⟨

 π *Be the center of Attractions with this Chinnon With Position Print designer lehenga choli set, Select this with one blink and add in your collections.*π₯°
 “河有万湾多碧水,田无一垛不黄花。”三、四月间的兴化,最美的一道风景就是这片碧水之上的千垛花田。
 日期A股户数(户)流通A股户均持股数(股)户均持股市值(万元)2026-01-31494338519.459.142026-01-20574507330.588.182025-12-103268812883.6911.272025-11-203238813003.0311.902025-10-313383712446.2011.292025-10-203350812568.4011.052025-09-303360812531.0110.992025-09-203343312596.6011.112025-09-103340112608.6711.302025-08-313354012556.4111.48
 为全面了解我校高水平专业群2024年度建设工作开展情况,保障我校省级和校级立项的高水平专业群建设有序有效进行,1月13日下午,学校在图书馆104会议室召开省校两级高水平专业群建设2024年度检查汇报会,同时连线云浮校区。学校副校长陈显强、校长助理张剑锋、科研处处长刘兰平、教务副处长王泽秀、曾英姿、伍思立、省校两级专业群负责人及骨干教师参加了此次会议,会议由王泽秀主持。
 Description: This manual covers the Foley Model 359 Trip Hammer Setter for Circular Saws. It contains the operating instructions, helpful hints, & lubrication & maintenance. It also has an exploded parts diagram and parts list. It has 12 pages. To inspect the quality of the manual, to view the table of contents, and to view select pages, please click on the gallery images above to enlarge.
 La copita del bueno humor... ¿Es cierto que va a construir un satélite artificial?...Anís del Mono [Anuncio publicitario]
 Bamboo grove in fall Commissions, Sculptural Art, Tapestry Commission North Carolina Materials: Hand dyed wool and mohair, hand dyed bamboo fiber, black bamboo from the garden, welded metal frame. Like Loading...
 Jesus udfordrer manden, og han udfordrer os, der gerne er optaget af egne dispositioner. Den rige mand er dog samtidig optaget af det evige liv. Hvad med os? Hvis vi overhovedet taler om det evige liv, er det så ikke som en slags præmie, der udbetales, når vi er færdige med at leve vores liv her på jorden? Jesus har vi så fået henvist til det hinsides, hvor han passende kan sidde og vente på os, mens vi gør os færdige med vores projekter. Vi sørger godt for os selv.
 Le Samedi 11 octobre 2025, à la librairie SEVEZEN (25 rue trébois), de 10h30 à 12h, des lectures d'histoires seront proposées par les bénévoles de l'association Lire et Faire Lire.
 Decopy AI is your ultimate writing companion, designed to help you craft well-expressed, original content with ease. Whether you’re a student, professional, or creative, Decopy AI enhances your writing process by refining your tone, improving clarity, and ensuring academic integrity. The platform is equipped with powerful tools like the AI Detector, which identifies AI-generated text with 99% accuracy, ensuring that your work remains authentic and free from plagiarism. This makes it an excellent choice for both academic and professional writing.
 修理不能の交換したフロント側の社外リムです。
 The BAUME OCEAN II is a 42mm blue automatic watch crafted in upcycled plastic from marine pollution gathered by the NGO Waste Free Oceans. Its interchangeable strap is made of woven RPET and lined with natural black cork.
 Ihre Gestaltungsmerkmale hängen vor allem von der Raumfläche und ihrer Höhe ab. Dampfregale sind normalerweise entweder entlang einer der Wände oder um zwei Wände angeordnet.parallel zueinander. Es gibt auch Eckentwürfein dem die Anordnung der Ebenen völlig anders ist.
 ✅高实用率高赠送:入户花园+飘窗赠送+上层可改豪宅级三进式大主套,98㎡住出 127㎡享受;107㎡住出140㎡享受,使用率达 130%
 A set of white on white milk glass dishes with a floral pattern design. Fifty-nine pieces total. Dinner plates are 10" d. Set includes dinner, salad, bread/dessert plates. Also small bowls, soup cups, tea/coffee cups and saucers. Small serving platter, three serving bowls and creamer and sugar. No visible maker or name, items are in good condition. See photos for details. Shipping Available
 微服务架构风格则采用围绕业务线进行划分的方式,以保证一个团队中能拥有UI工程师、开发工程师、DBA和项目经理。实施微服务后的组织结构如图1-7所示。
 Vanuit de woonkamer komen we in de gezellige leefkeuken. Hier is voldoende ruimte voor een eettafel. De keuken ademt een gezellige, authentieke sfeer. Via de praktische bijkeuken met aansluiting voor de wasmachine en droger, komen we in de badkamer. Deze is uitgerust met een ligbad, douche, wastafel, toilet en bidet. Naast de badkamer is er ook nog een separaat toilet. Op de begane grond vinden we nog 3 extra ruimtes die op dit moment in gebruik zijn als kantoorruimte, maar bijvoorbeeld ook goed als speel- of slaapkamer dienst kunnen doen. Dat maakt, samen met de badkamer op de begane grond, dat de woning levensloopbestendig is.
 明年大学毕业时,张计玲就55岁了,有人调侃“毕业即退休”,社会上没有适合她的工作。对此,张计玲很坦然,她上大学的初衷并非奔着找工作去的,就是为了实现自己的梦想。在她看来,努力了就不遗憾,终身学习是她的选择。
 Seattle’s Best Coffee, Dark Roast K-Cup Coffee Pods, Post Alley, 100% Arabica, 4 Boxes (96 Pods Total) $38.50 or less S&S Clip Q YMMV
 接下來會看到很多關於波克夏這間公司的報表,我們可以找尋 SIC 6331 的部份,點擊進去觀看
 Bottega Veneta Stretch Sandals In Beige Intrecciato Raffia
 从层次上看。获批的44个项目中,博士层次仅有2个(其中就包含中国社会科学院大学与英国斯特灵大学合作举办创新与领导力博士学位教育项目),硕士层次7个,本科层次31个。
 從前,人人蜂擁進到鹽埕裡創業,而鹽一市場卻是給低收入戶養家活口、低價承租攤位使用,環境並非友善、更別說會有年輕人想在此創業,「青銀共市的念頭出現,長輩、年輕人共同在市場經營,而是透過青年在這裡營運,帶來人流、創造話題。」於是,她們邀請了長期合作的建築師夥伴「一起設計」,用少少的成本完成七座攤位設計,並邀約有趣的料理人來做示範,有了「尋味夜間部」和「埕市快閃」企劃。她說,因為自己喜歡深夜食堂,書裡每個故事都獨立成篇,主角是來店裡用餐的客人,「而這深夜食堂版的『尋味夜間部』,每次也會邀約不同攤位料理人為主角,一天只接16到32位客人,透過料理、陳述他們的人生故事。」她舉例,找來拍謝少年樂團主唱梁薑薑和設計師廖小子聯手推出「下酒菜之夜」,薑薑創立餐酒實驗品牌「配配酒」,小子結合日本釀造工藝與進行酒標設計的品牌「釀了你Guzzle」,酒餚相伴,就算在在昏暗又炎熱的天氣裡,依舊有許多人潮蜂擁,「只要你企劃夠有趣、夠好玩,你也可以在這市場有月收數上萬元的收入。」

⟩

• [What is required] Answer with one number, namely how many lines in the records contain the string "from".

• [Problem solution] 3